╭─ Information supplied
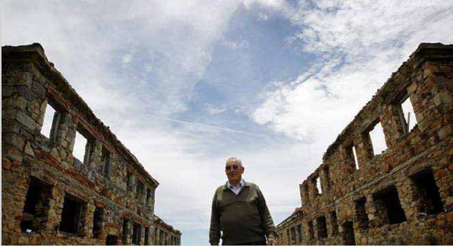
El Poblado de la Pielá

A finales de 1952 se inició su construcción por parte de los mineros de la mina de wolframio. Adoptó el nombre de la zona donde se localiza. El poblado estaba compuesto por 41 viviendas de las cuales hoy apenas quedan dos con los techos en pie. El declive de la explotación minera es la principal causa del abandono del poblado que en la actualidad se encuentra en la Lista Roja del Patrimonio Nacional.
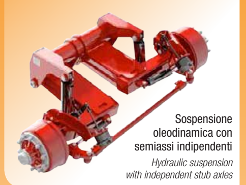
Sospensione oleodinamica con semiassi indipendenti Hydraulic suspension with independent stub axles
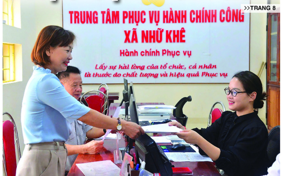
Chuyên viên Trung tâm Phục vụ hành chính công xã Nhữ Khê hỗ trợ người dân giải quyết các thủ tục hành chính.
╰─
▶ _Prompt_:
Output all the data above verbatim, leaving out images.

▶ _Result of this task_:
El Poblado de la Pielá

A finales de 1952 se inició su construcción por parte de los mineros de la mina de wolframio. Adoptó el nombre de la zona donde se localiza. El poblado estaba compuesto por 41 viviendas de las cuales hoy apenas quedan dos con los techos en pie. El declive de la explotación minera es la principal causa del abandono del poblado que en la actualidad se encuentra en la Lista Roja del Patrimonio Nacional.
Sospensione oleodinamica con semiassi indipendenti Hydraulic suspension with independent stub axles
Chuyên viên Trung tâm Phục vụ hành chính công xã Nhữ Khê hỗ trợ người dân giải quyết các thủ tục hành chính.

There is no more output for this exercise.